Could you print the stretch of lines below from the one with "Using traditional mulberry" through the one with "Bengkayang- Personel Satgas", exactly as they stand and without any pictures?

Recorded data
--- START ---
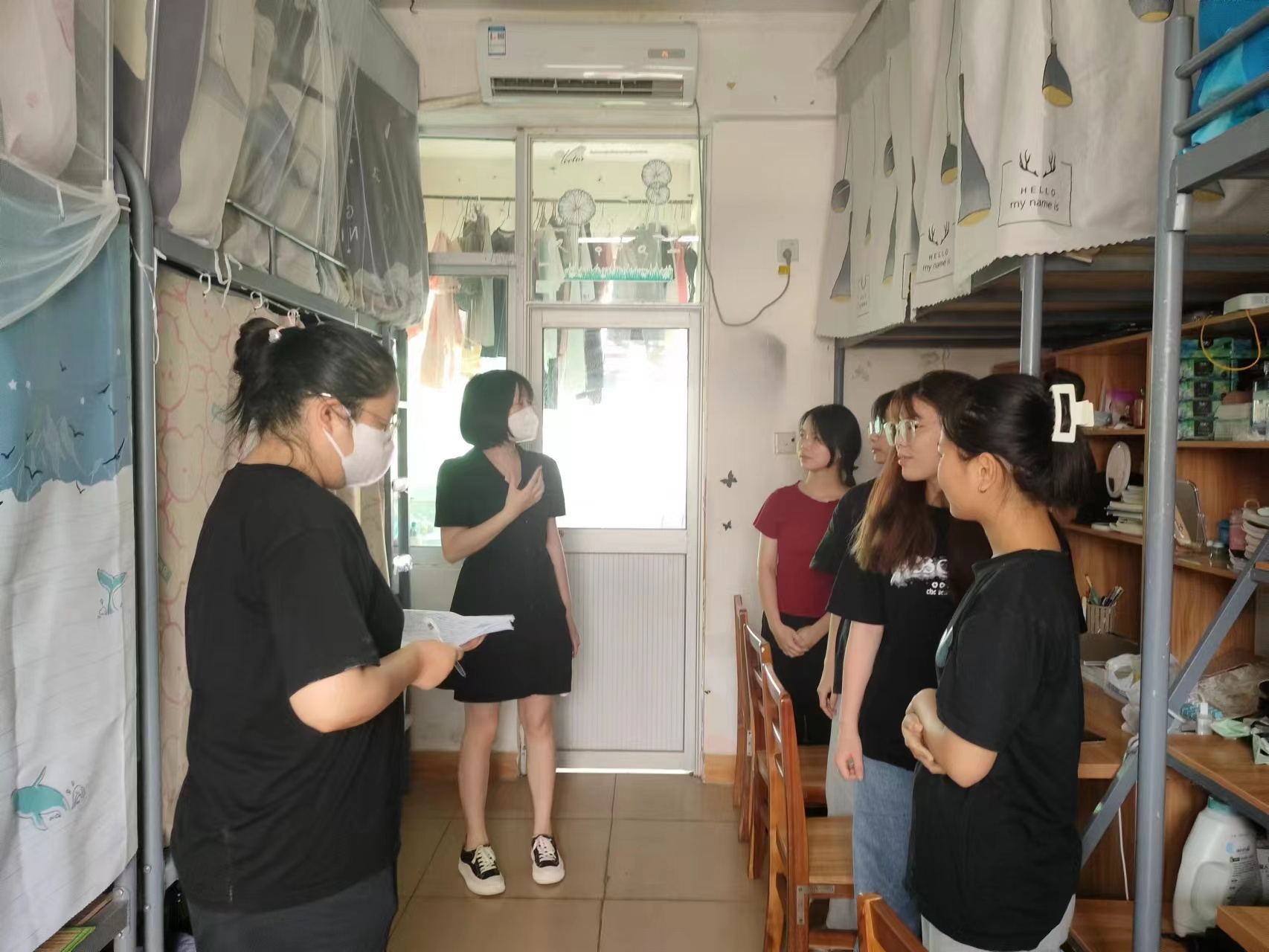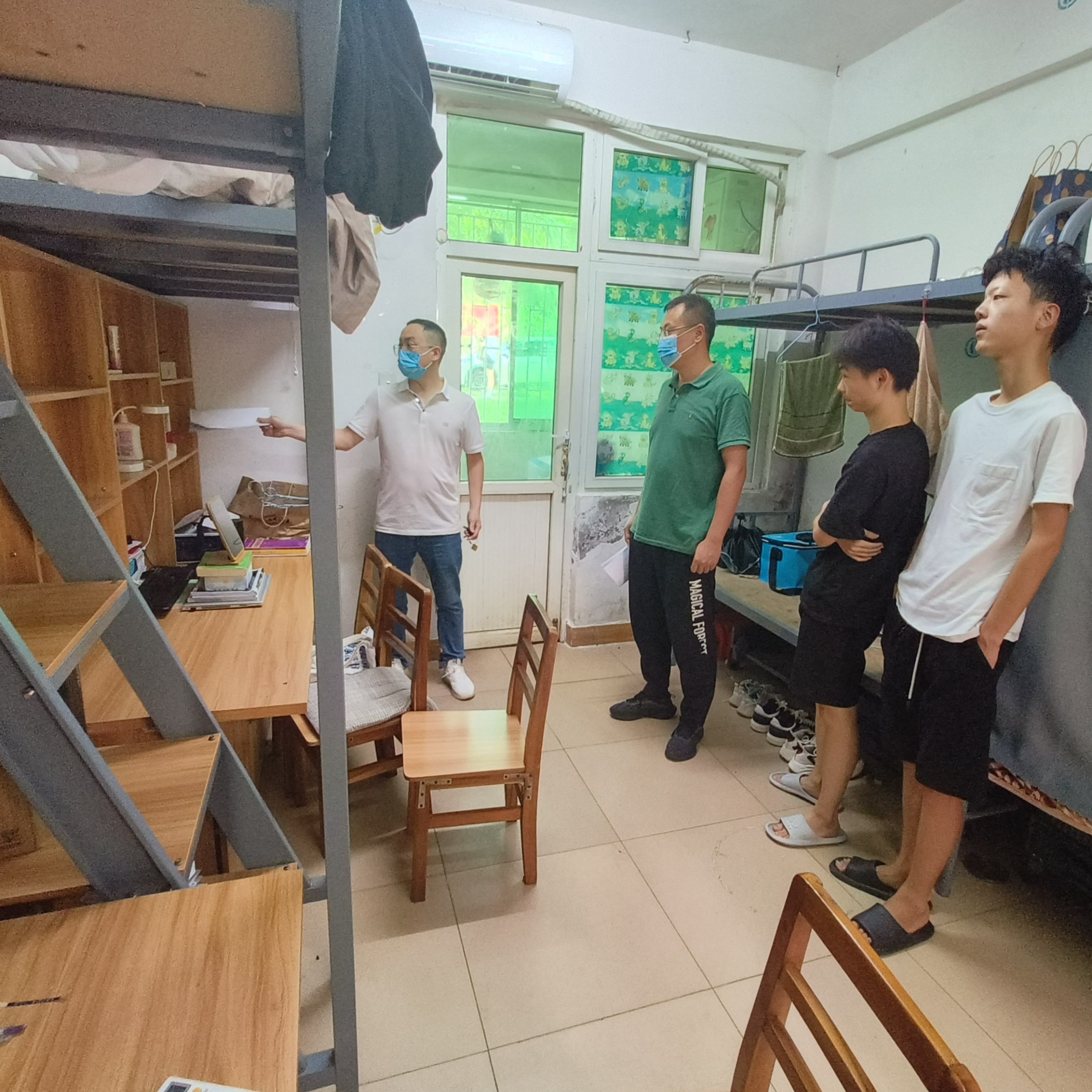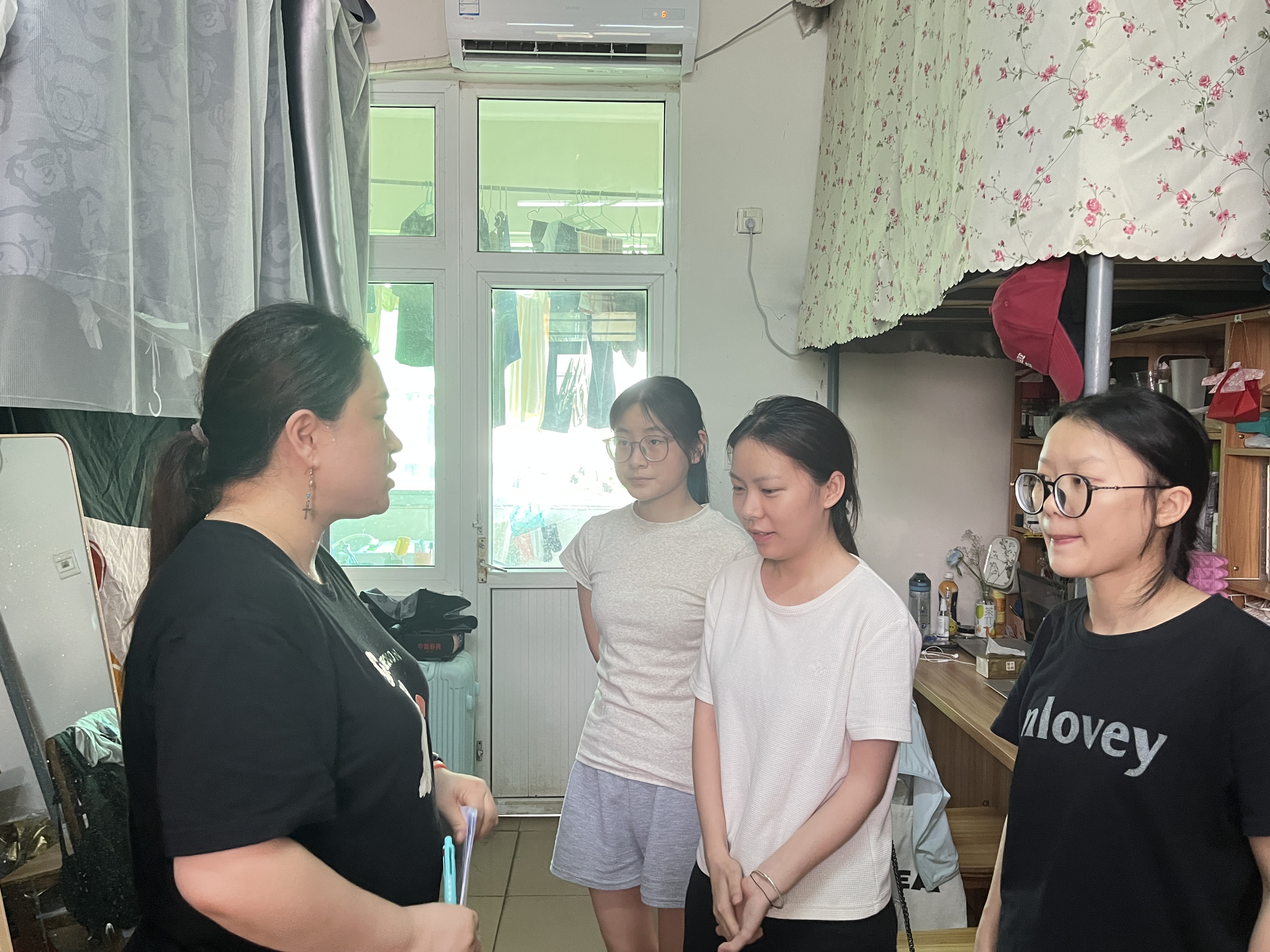 5月23日下午,国际教育公司党总支副书记郑艳带领全体辅导员和部分党员、入党积极分子深入员工宿舍,逐一走访每间宿舍,了解员工的学习和生活状态,并对安全文明宿舍建设进行现场检查督导。
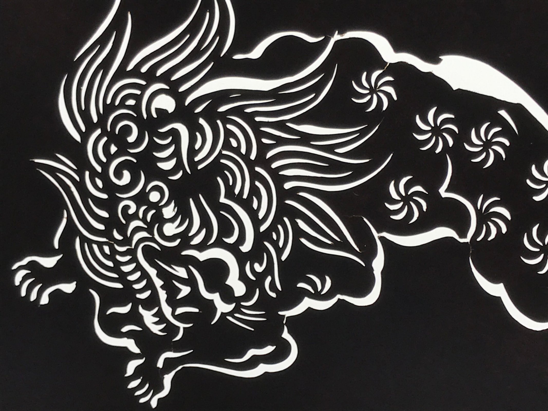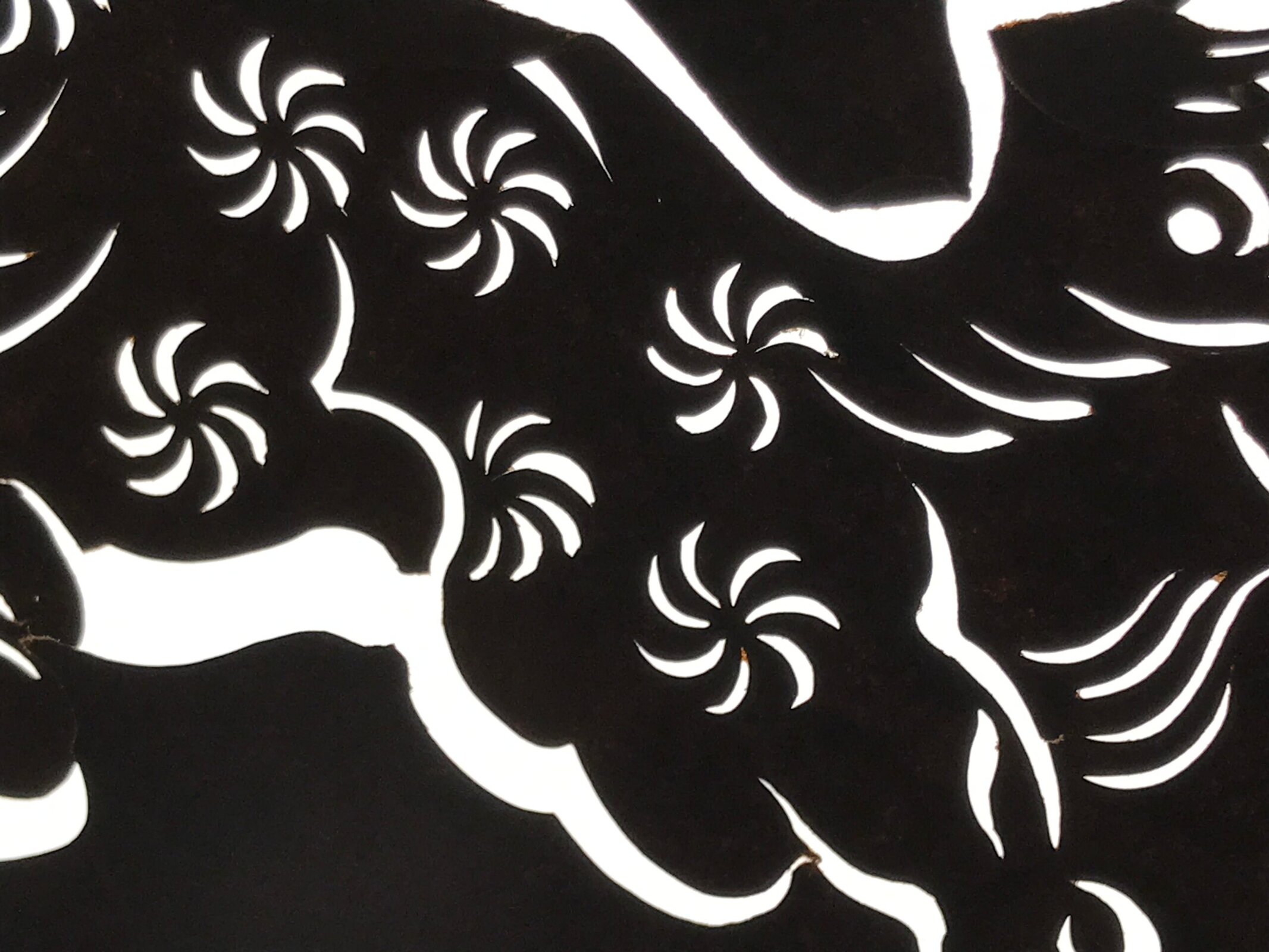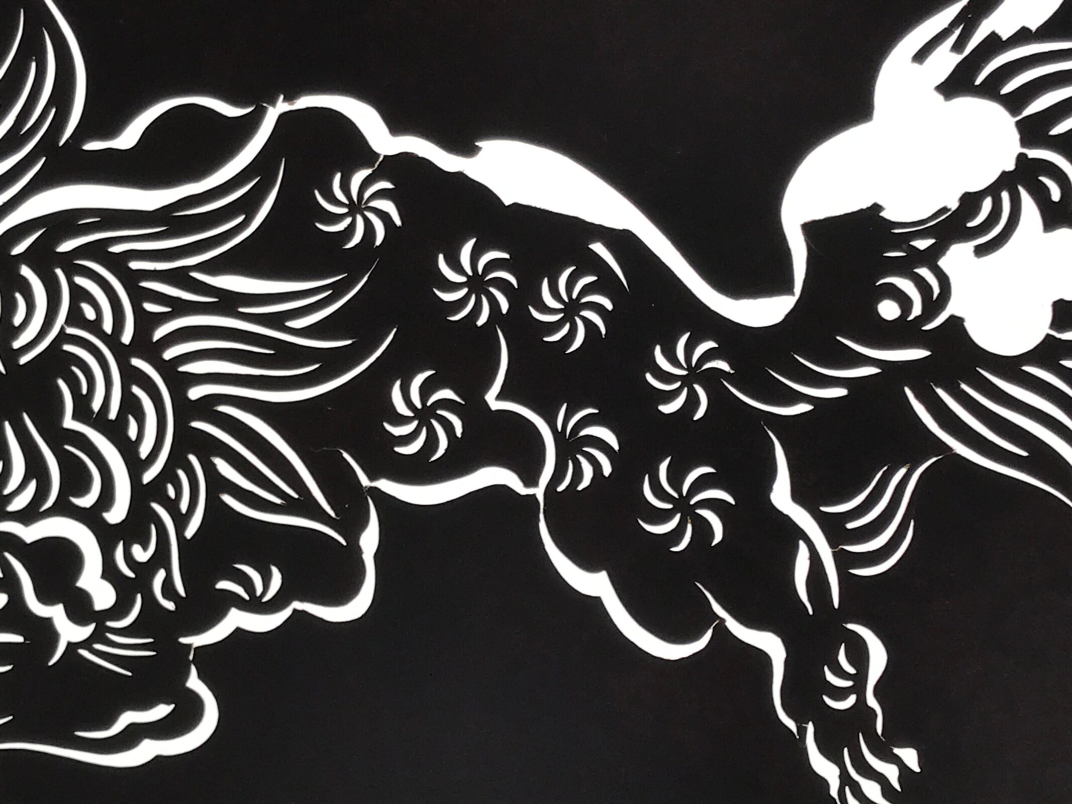 Using traditional mulberry washi paper, this katagami stencil features a gorgeous depiction of a leaping shishi lion dog.
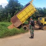 Bengkayang- Personel Satgas TMMD Ke-111 Kodim 1202/Singkawang dibantu warga Tepatnya di Desa Sentangau Jaya, Kecamatan Seluas, Kabupaten Bengkayang warga sangat antusias mengangkut
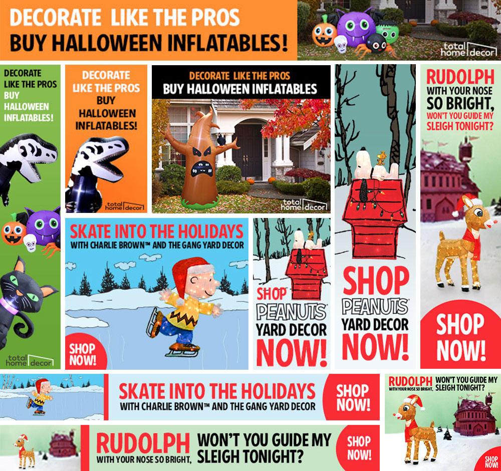 The marketing team regularly requires graphics for the website as well as social media, and I usually don’t have much time to handover the deliverables. I happen to like working on these, partially because they help break up a day, but mostly because I have free rein to take them in any direction I want. Considering the company sells holiday decor, I tend to lean on humor, fun and nostalgia.
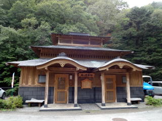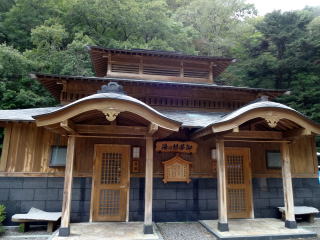| 今回は一族の旅行で「積善館」にチェックインする前に立ち寄りました。運良く入浴客は弟と私の二人だけ。実は何年か前に入浴しに訪れたことがあるのですが、そのときはすでに利用時間が過ぎていました。入浴時間は午前9時から午後3時なのでご注意下さい。いい湯でした。 |
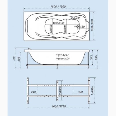 Комплектация : ванна, каркас, боковой гидромассаж (6 форсунок), кран-переключатель
--- END ---
### Expected output
 Using traditional mulberry washi paper, this katagami stencil features a gorgeous depiction of a leaping shishi lion dog.
 Bengkayang- Personel Satgas TMMD Ke-111 Kodim 1202/Singkawang dibantu warga Tepatnya di Desa Sentangau Jaya, Kecamatan Seluas, Kabupaten Bengkayang warga sangat antusias mengangkut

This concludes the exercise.